I came away with a sense of a new generation in Canberra theatre and, as the Covid experience grinds on, my faith in humanity was reaffirmed.  

Cosi is fascinating because we find ourselves laughing, often very much out loud, at what characters are doing, at the same time as understanding empathetically their clinical situation.  This production works so well because not only is the acting consistent with Nowra’s intention, but so also is the casting – of actors whose physical features are exactly as I have always imagined for these characters – and the wonderful costumes, make-up and hairdos.  The characters we see look like the real thing, as themselves and in their roles in the final performance of their play, at the same time as symbolically representing the types of people they would have been in the period of the Vietnam War Moratorium Marches, the first of which in Australia was on May 8, 1970.  

Just look at Lewis’s wide-bottomed trousers, and anyone my age remembers – not just the fashion, but the ‘Arts’ university personality which I’m sure Louis must have been.  We can’t help but feel for his discombobulation when faced by the strength of character of people who have been classed and ‘sectioned’ as clinically insane.

Cherry confronts Doug in Rep's Cosi
L to R: Max Gambale (Henry), Isobel Williams (Julie), Blue Hyslop (Doug)
Steph Roberts (Cherry), Chris Baldock (Roy), Martin Fatmaja Hoggart (Lewis)

L to R: Blue Hyslop (Doug), Alexandra Pelvin (Ruth),
Steph Roberts (Cherry), Chris Baldock (Roy)


Though some characters are naturally likely to attract our attention more than others, such as the fire-bug Doug, the dominant Roy, the mysteriously silent Henry and the Wagner accordion player Zac, the value of this production is in the care taken to give equal standing to each part.  Julie’s somewhat distanced watching of the action early on and progress towards being discharged, Ruth’s obsessive compulsive disorder, and Cherry’s sexual fixation become the central throughline connecting Mozart’s Cosi fan tutte story – of how women are thought of by men and what women actually think of the inadequacies of men – to the modern situation women are in.  
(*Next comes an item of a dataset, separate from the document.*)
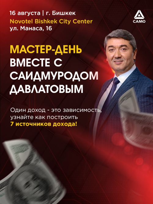 Живой мастер-день от одного из самых влиятельных бизнес-наставников СНГ — Саидмурода Давлатова. За один день вы получите инструменты, которые помогут пересобрать мышление, финансы и цели.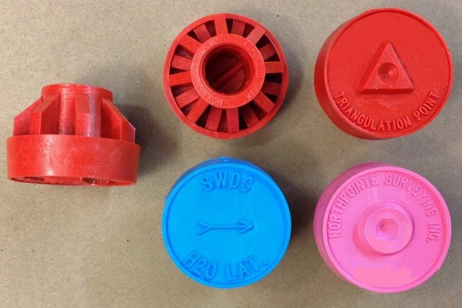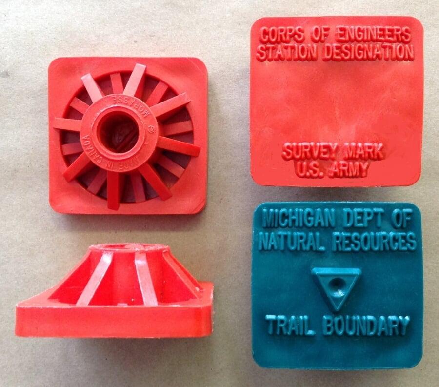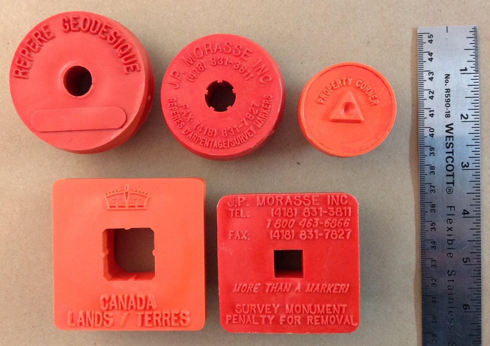 Nous vous offrons une grande variété de repères d'arpentage pour répondre à vos besoins spécifiques. Notre médaillon est conçu à partir de polyéthylène haute densité. Le lettrage en relief vous garantie une visibilité permanente. Offert dans une panoplie de format et de couleur, vous saurez trouver ce que vous recherchez. Tous nos médaillons sont disponible déjà assemblés sur tige ou seul. Cliquer sur les photos pour agrandir.

Interestingly, the only characters with whom we feel little sympathetic connection are the three sane figures: Lewis’ moratorium organiser friend Nick; his girl friend Lucy – who ‘sleeps’ with him but ‘has sex with’ Nick; and Justin, the social worker who represents the authority over the patients.  Though Alex, Emily and John played their roles perfectly well, they were hardly funny and are left somewhat in the shade – except for Alex as Nick when Max’s Henry very nearly throttles him.  That scene was horribly funny.
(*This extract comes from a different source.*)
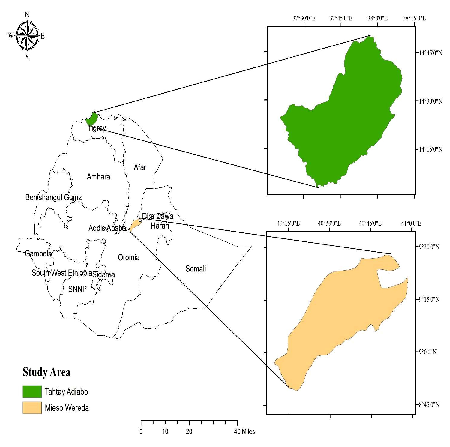 The research was implemented at two research sites specifically Sheraro (14°24′N/37°45′E) and Miesso (9°14′N/40°45′E); where sorghum is the major crop (Figure 1). The experiments were conducted during the 2018 growing season. The altitudes for Sheraro and Miesso are 1010 and 1470 meters above sea level, respectively. The soils in both Sheraro and Miesso are dark clay vertisols. The agro-ecology of Sheraro and Miesso is SM1 (SM1-4) sub-moist hot warm lowland and SM1 (SM1-1) hot to warm sub-moist plains, respectively [18]. The range of temperature during the growing season was from 14.38 to 37.76 ℃ and the average of rainfall was 653.9 mm at Sheraro (Supplementary Figure S1). Whereas the temperature range and average rainfall at Miesso during the same period were 16–31 ℃ and 355.3 mm (Supplementary Figure S2).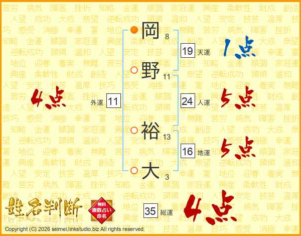 あなたの人生を表す1番重要な運勢です。生涯を通じて影響する総合運となり、主に50歳以降の晩年期に影響を及ぼします。苗字と名前の合計画数。

The set design was equally impressive, having been previously half-burnt down by Doug and so having unexpected holes for entrances and exits apart from the doorway in on our left and the clearly labelled “dunny” on the right.  I’m still laughing at Henry’s several times’ complete circumnavigation of his theatre, which included our auditorium, when he has to work off his energy because of his medication upset.
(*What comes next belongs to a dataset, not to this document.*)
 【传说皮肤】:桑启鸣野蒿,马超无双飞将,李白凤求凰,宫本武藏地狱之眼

All round then, literally as well as metaphorically, Rep’s Cosi does justice to Louis Nowra’s ‘Lewis’, ending with Martin Fatmaja Hoggart’s quietly done and emotionally gripping return to reality as he describes what happened in later life to his two girlfriends.  That’s when the laughter stopped.  

The synopsis in the program says “Cosi blurs the lines between sanity and insanity, fidelity and infidelity, and reality and illusion”, but I think Cosi makes the distinctions clearer.